# Canon 7D Mark ii?



## swiftparkour94 (Oct 24, 2012)

I came across this on Canon rumors, here's my screenshot. Don't worry, nothing is cut out.

What do you guys predict it's price will be?


----------



## swiftparkour94 (Oct 24, 2012)

Bump


----------



## MLeeK (Oct 24, 2012)

Somewhere around $1700-2000. JUST under the 6D. Right around where the 7D debuted at.


----------



## swiftparkour94 (Oct 24, 2012)

MLeeK said:
			
		

> Somewhere around $1700-2000. JUST under the 6D. Right around where the 7D debuted at.



Ah ok. You think there will be more cross type AF points?


----------



## MLeeK (Oct 24, 2012)

I kind of doubt it. Could be, but it's kind of maxed on the focus points now for that small sensor.


----------



## swiftparkour94 (Oct 24, 2012)

MLeeK said:
			
		

> I kind of doubt it. Could be, but it's kind of maxed on the focus points now for that small sensor.



Ohhh you have a good point there. Didn't think about that


----------



## swiftparkour94 (Oct 24, 2012)

If it does have more cross AF points and a little bit better ISO performance then it's one I'll probably consider getting. I'll just be happy to see the 7D's price go down a bit


----------



## TwoTwoLeft (Oct 27, 2012)

I just picked up a NIB 7D on ebay for just over $1K. That's a hell of a camera for the money. It should take some awesome pictures


----------



## Southtown57 (Oct 27, 2012)

Hmm I need to sell my 7D for either the new 6D or a 5D mark ii.


----------



## johncam (Oct 27, 2012)

More info about this camera:
Canon EOS 7D Mk2 DSLR camera information - rumours


----------



## Overread (Oct 27, 2012)

Well its all rumours but:



> Unlike previous comments, it was suggested that there would be no 70D for quite some time (if at all), with the current 7D being continued, at reduced price, to target the 60D market.

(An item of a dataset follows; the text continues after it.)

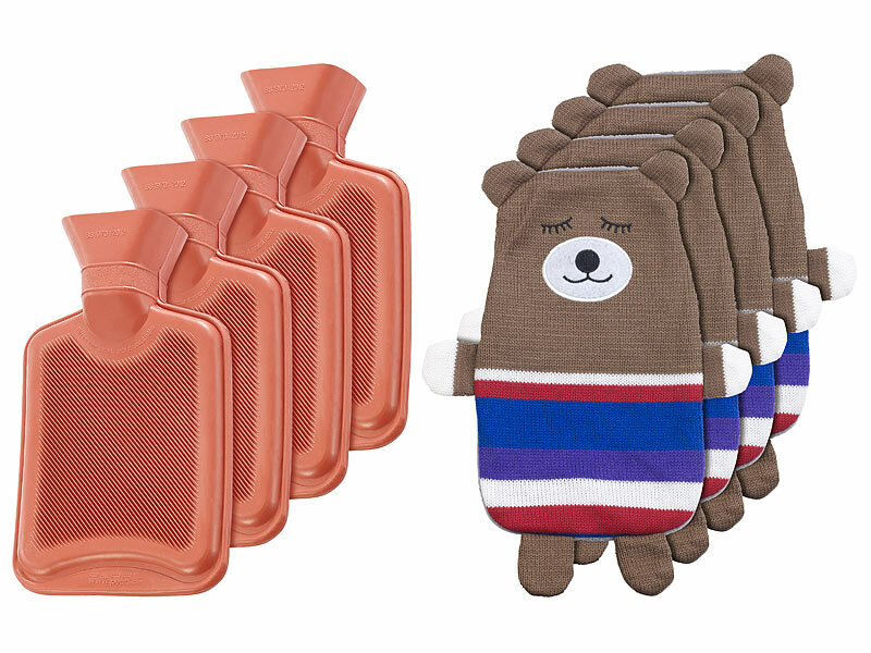 infactory Motiv-Wärmeflasche: 4er-Set Kinder-Wärmflaschen mit Teddybär-Bezug, 1 Liter

From that source is a worrying one as it sounds like, after splitting the middle market Canon would then (for 1.6 crop) contract that market again. It would mean that a newer 7DMII would be lower spec and thus likely have some missing features from the 7D we currently love. Honestly it sounds daft and very confusing to do - if they did this I'd expect them to drop the 7D and just update the 70D with new features - moving the 60D up a little makes far far more sense than dropping that line and then lowering the 7D spec.

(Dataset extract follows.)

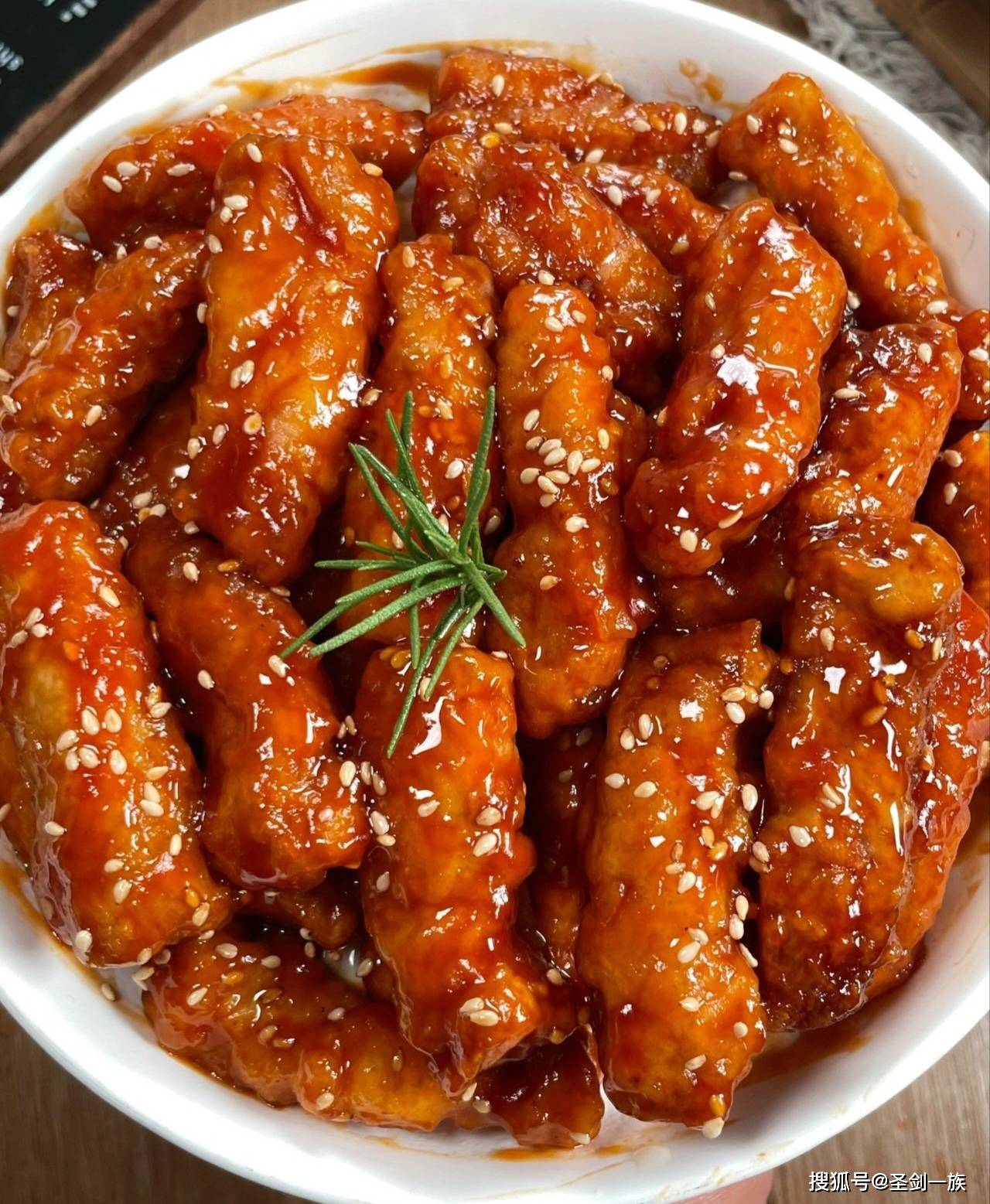 4. 锅内留底油,油热倒入料汁,浓稠后倒入炸好的里脊肉翻炒均匀,让每一根肉都裹上糖醋汁,撒上熟的白芝麻出锅装盘。

Also it mentions the "Demise of the 1MDIV" I was unaware that the camera had had a demise? 
*Edit* oh its discontinued! Shows how much attention I paid it!


----------



## swiftparkour94 (Oct 27, 2012)

Overread said:
			
		

> Well its all rumours but:
> 
> From that source is a worrying one as it sounds like, after splitting the middle market Canon would then (for 1.6 crop) contract that market again. It would mean that a newer 7DMII would be lower spec and thus likely have some missing features from the 7D we currently love. Honestly it sounds daft and very confusing to do - if they did this I'd expect them to drop the 7D and just update the 70D with new features - moving the 60D up a little makes far far more sense than dropping that line and then lowering the 7D spec.
> 
> ...



The 1D Mark iv is discontinued?! *confused*


----------



## GooniesNeverSayDie11 (Oct 28, 2012)

The #1 concern that should be addressed on the the current 7D would be noise/ISO performance. If they left the camera exactly as is, but gave it better ISO handling. Maybe a closer to the 5D MKII, and added some more modern bells and whistles (GPS, Wireless flash, dual card slots) I would be sold. I don't need more frame rates, although it would be a nice addition, I think that if they do not increase ISO capabilities, then they will not cause many people to drop the current 7D. 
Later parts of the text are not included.